Directions for this task: Omit the images and output every line of the data below exactly.

Provided material:
════

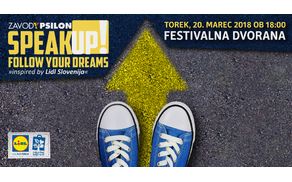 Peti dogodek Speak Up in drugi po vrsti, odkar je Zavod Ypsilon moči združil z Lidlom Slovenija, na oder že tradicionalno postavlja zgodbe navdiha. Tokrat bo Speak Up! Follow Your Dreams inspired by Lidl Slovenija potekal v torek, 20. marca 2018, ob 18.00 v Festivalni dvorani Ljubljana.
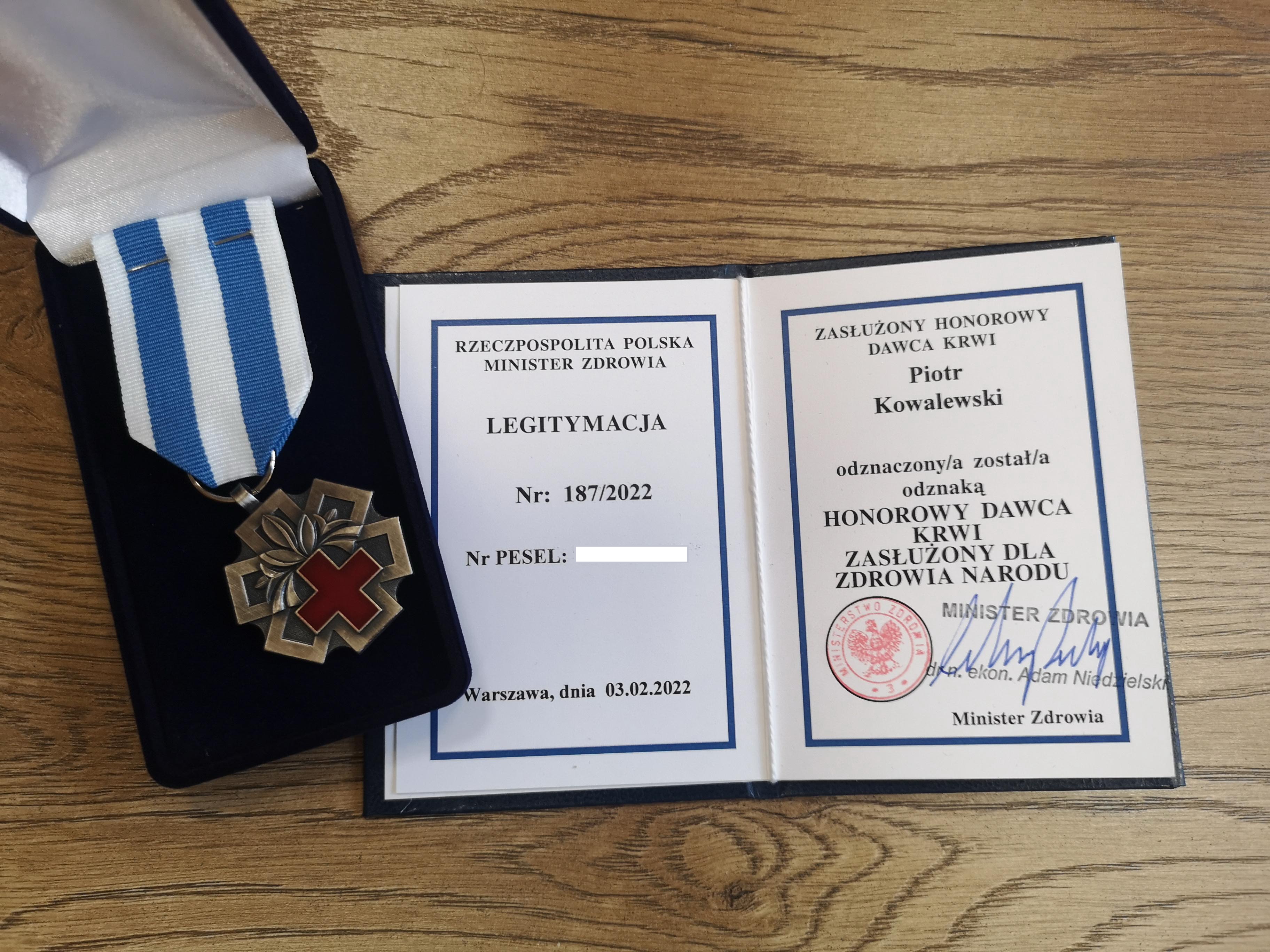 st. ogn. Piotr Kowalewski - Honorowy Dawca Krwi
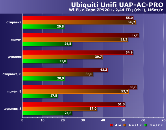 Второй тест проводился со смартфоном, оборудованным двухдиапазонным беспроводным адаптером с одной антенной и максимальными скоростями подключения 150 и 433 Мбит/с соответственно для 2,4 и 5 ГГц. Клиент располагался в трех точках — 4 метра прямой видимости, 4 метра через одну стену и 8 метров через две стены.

════

Exercise solution:
 Peti dogodek Speak Up in drugi po vrsti, odkar je Zavod Ypsilon moči združil z Lidlom Slovenija, na oder že tradicionalno postavlja zgodbe navdiha. Tokrat bo Speak Up! Follow Your Dreams inspired by Lidl Slovenija potekal v torek, 20. marca 2018, ob 18.00 v Festivalni dvorani Ljubljana.
 st. ogn. Piotr Kowalewski - Honorowy Dawca Krwi
 Второй тест проводился со смартфоном, оборудованным двухдиапазонным беспроводным адаптером с одной антенной и максимальными скоростями подключения 150 и 433 Мбит/с соответственно для 2,4 и 5 ГГц. Клиент располагался в трех точках — 4 метра прямой видимости, 4 метра через одну стену и 8 метров через две стены.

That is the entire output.